There is the cluster.conf:
Code:
<?xml version="1.0"?>
<cluster config_version="11" name="node-1">
  <cman keyfile="/var/lib/pve-cluster/corosync.authkey" two_node="1" expected_votes="1"/>
  <fencedevices>
    <fencedevice agent="fence_null" name="null_fence"/>
  </fencedevices>
  <clusternodes>
    <clusternode name="IS-VmProx" nodeid="1" votes="1">
      <fence>
        <method name="1">
          <device name="null_fence"/>
        </method>
      </fence>
    </clusternode>
    <clusternode name="IS-proxMox2" nodeid="2" votes="1">
      <fence>
        <method name="1">
          <device name="null_fence"/>
        </method>
      </fence>
    </clusternode>
  </clusternodes>
  <rm>
    <failoverdomains>
        <failoverdomain name="first_node" nofailback="0" ordered="1" restricted="1">
            <failoverdomainnode name="IS-VmProx" priority="1"/>
            <failoverdomainnode name="IS-proxMox2" priority="2"/>
        </failoverdomain>
        <failoverdomain name="second_node" nofailback="0" ordered="1" restricted="1">
            <failoverdomainnode name="IS-VmProx" priority="2"/>
            <failoverdomainnode name="IS-proxMox2" priority="1"/>
        </failoverdomain>
    </failoverdomains>
    <pvevm autostart="1" vmid="103" domain="second_node" recovery="relocate"/>
  </rm>
</cluster>

Thank you
Regards
 
Hello

Today I'v tryed to put the NFS on /etc/fstab, and everything work as expected. On the recovery the VM livemigrate to IS-proxMox2 correctly.
So thereis something wrong that take too much time to proxMox to mount the storage.

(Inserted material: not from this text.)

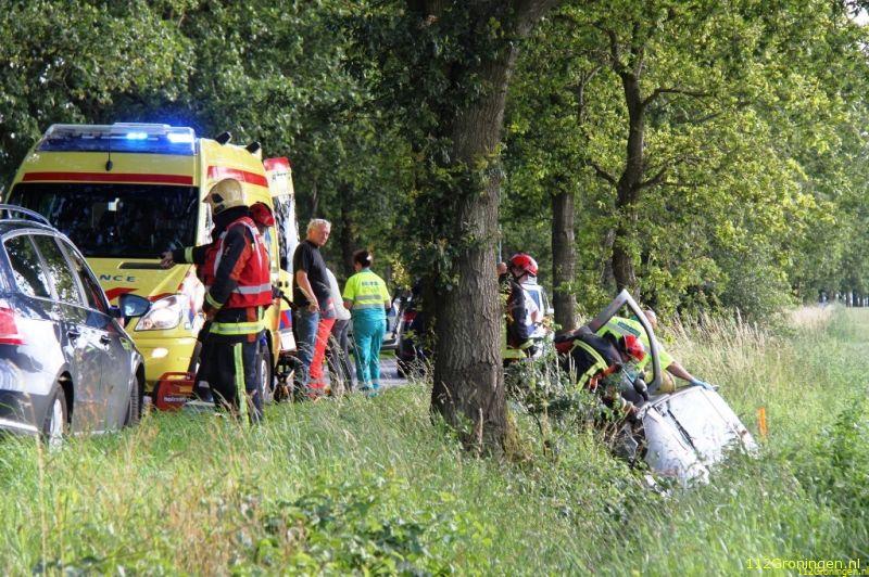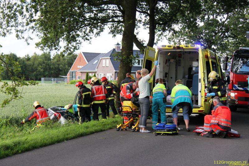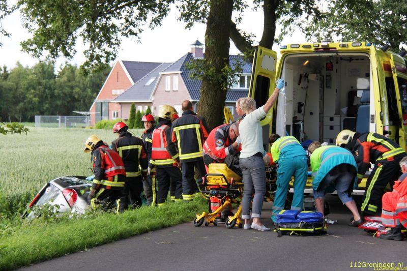 De 48-jarige bestuurder uit Hoogezand en zijn 51-jarige bijrijder uit Noordbroek raakten beiden gewond en werden met onbekende verwondingen naar het ziekenhuis gebracht. Volgens een getuige reed de auto vanuit de richting Sappemeer en kwam door nog onbekende oorzaak in de rechterberm terecht.

No-one had my same problems?

Regards
 
Hi,

Just as curiosity, but I'm the first one in having this problem, or who had that problem has applied workaround like the mine?

Regards
 
Hi,
do you used before Ip or names for the NFS?
If you used names this could be a problem on boot.